I was in Mississippi two weeks ago, talking to an AIA Chapter about 90.1 2010. An architect said that he was amazed how complicated we had made the lighting controls.

The new lighting power density tables in 90.1 2013 make the lighting control requirements much clearer. I recommend using this table, even if you are working with the 2010 requirements. In fact, I recently worked on a project where the lighting designer had modified the table format and used it on the construction plans as a room by room lighting power and lighting control matrix.

I have included a little piece of the table here, which includes offices as an example.

Picture1

 

The table has three types of offices: under 250 sq ft, over 250 sq ft and open offices. Open offices are allowed slightly less light than the enclosed offices, but have exactly the same control requirements as the larger enclosed office.

I am offen asked how you can meet the light quality requirements and the LPD requirement of a space. I remind people that the full name of the Standard is ANSI/ASHRAE/IES Standard 90.1; the IES are the illumination engineers that set the light quality requirements and their board approves every change we make to the Standard. You can find a lot of information about 90.1 on the IES website.
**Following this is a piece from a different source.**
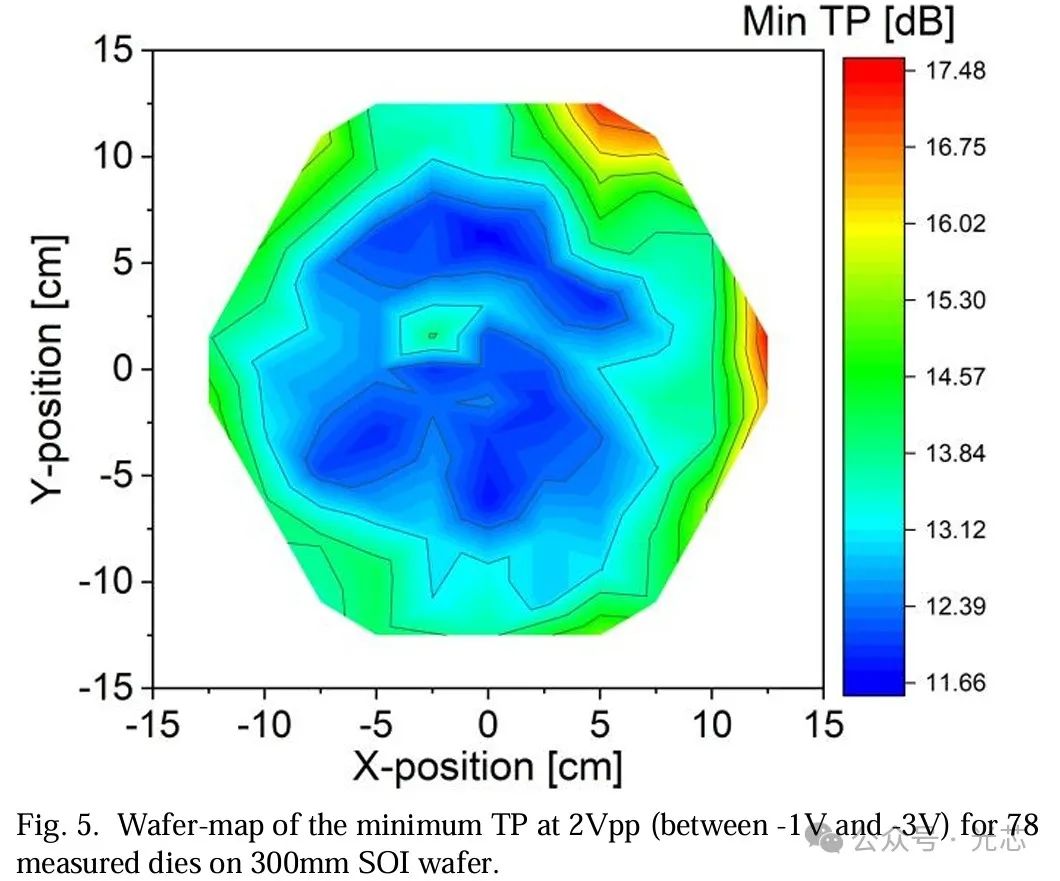 对300mm晶圆上的78个芯片进行了测量,图5展示了在2Vpp(在 -1V和 -3V之间)下提取的TPmin的晶圆图。TPmin的中位数为13.1dB,标准差为1.31dB。TPmin的最佳值大多位于晶圆中心,最差值位于晶圆边缘。

The second column is the room cavity ratio. The code lets you add 20% more light if your room would look like a cave without the extra lighting. The calculated value has to be larger than the table value to get the extra lighting power. The equation is 0.25 X room perimeter X fixture height(above work surface)/ room area. This is only one of several lighting power “bonuses” allowed when using the space-by-space method to show lighting power compliance.

Next in the table are the lighting controls required for that space type. “REQ” means that the lighting control listed must be included. In the office case there are two“ADD1”s and two “ADD2”s. In each case, you can chose between the two and only add one control for each “ADD”. So, a large office with day lighting would have a total of six controls.

The first requirement is for a local control. So when you walk in the office in the morning, you can flip a switch to turn on between 30 and 70% of the lights. We can either control the other lighting manually or bring on up to 50% more lighting using an automatic control. If we have side lighting, we will add light responsive control and similar top lighting controls are required if we have skylights or other roof openings such as roof monitors. Finally, we turn the lights off when we leave the room. We can either turn 50% of the lights off with a sensor within 20 minutes of the space becoming unoccupied or turn them all off within a 20 minute window.  If the partial off option is used, the building scheduled off will turn the rest of the lights off during the night. A two hour override is allowed to turn the lighting back on if you want to work late.

One set of plans I reviewed recently had vacancy sensors instead of occupancy sensors. I think that fits the 90.1 scheme better. Adjusting the lighting schedules for the Appendix G model to try to capture the energy savings of these space by space controls can be a challenge.

Opinions expressed here are solely my own and do not express the views or opinions of ASHRAE or the 90.1 committee.